To provision an MLflow tracking server, set:
```yaml
mlflow:
mode: create
experiment_name: qc-cli-training
registered_model_name: qc-cli-model
register_trained_models: true
```
In `create` mode, the CLI manages the tracking server name from `infra.stack_name`; you do not need to set `tracking_server_name`.
To use an existing MLflow tracking server, set:
```yaml
mlflow:
mode: existing
tracking_server_name: your-tracking-server-name
```
When MLflow is enabled, `train start` creates an MLflow run for the SageMaker job. `train status` finalizes that run once the job reaches a terminal state and registers completed model artifacts as pre-release model versions using the `prerelease-latest` MLflow alias.

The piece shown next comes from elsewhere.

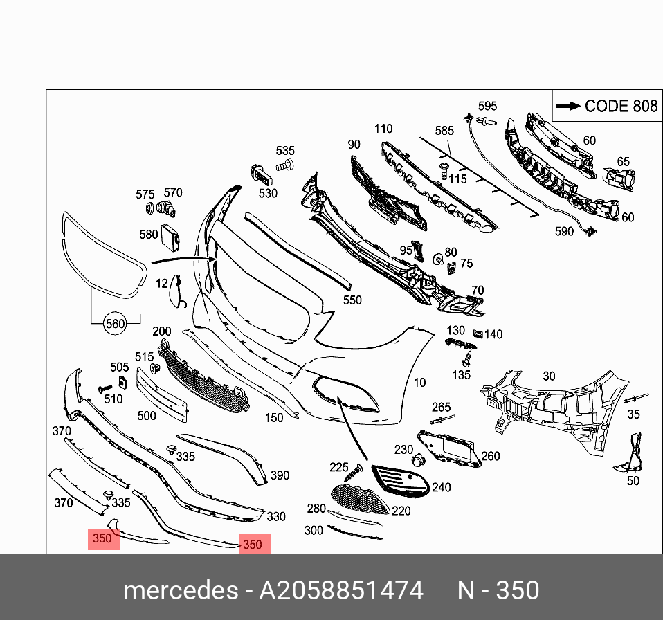 A2058851474 MERCEDES BENZ mercedes-benz a2058851474 накладка бампера переднего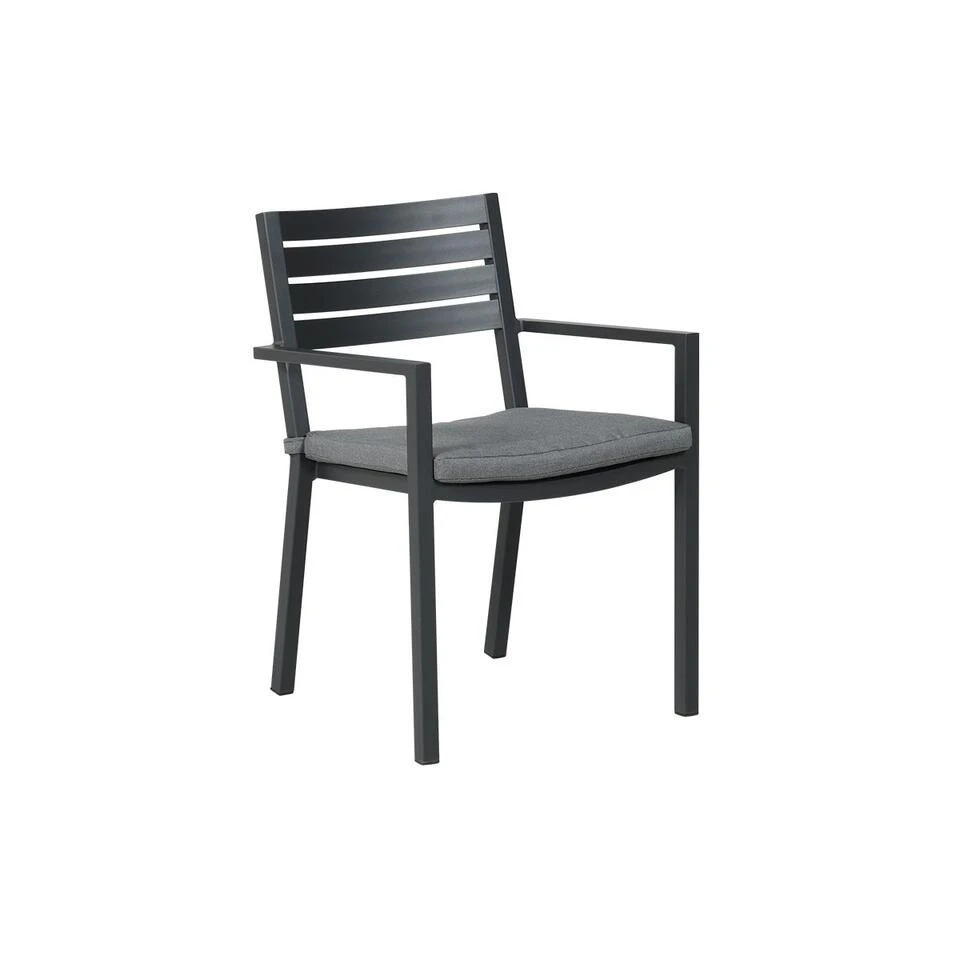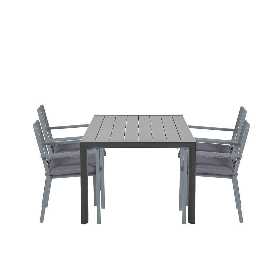De Adana tuintafel heeft een afmeting van 180 bij 100 cm en 76.5 cm hoog. De Amarillo stapelbare tuinstoel wordt geleverd inclusief kussen. De afmetingen van de tuinstoel zijn 56,5 x 55 en is 81 cm hoog.

To open the managed SageMaker MLflow UI, request a fresh presigned URL:
```bash
qc-cli infra mlflow-url --config config.yaml
```
This works for `mode: create` and for `mode: existing` when the existing server is managed by Amazon SageMaker. In `create` mode, the command uses the CLI-managed tracking server name. In `existing` mode, it uses `mlflow.tracking_server_name`. If the existing MLflow server is external to SageMaker, open it with that server's own URL instead.
## Commands
### `init`
```
qc-cli init Write config.yaml
qc-cli init --output <path> Write config to a custom path
qc-cli init --force Overwrite an existing config file
```
### `infra`
```
qc-cli infra setup Deploy the CDK stack
qc-cli infra setup --no-bootstrap Deploy without running CDK bootstrap
qc-cli infra setup --cloudformation-execution-policy <arn> Set CDK bootstrap execution policy ARN
qc-cli infra status Show CDK stack/resource status
qc-cli infra mlflow-url Print a presigned MLflow UI URL
qc-cli infra destroy Destroy stack, retaining S3 data
qc-cli infra destroy --yes Destroy stack without confirmation
qc-cli infra destroy --delete-bucket-data Destroy stack and delete S3 data
```
`--cloudformation-execution-policy` is a one-time CDK bootstrap option, not a `config.yaml` setting. Pass it on `infra setup` when you need the CDK bootstrap CloudFormation execution role to use a policy other than the default `AdministratorAccess`:
```bash
qc-cli infra setup --cloudformation-execution-policy arn:aws:iam::aws:policy/PowerUserAccess
```
### `upload`
```
qc-cli upload <file> Upload a single file to S3
qc-cli upload <dir> Upload all files in a directory tree to S3
qc-cli upload <file> --s3-key <key> Upload a file to a custom S3 key
```
Uploads use `s3.bucket` and `s3.data_prefix` from `config.yaml`. File uploads default to `s3://<bucket>/<data_prefix>/<filename>`. Directory uploads are recursive, preserve paths relative to the uploaded directory, and place files under `s3://<bucket>/<data_prefix>/`.
### `train`
```
qc-cli train start Submit a SageMaker training job
qc-cli train status [job-name] Show job status; defaults to the last submitted job
qc-cli train list List recent training jobs
qc-cli train list --limit 3 Show a custom number of recent jobs
```
`train start` uses `s3://<bucket>/<data_prefix>/` as the training channel and writes outputs under `s3://<bucket>/<model_prefix>/`. If `sagemaker.training.source_dir` is set, the CLI packages that directory, uploads it beside the job output prefix, and passes `sagemaker_program`/`sagemaker_submit_directory` to the SageMaker container.
The expected output artifact is SageMakers `model.tar.gz`, normally containing the trained model file your container writes to `/opt/ml/model`.
## AWS permissions required
The IAM user or role running the CLI needs:
| Action | Service |
|---|---|
| CreateBucket, DeleteBucket, PutObject, GetObject, ListBucket, DeleteObject | S3 |
| CreateRole, GetRole, DeleteRole, AttachRolePolicy, DetachRolePolicy | IAM |
| CreateStack, UpdateStack, DeleteStack, DescribeStacks, DescribeStackEvents | CloudFormation |
| GetCallerIdentity | STS |
| CreateTrainingJob, DescribeTrainingJob, ListTrainingJobs | SageMaker AI |
| CreateMlflowTrackingServer, DescribeMlflowTrackingServer, DeleteMlflowTrackingServer | SageMaker AI, when `mlflow.mode` is `create` or `existing` |
`AdministratorAccess` covers all of the above.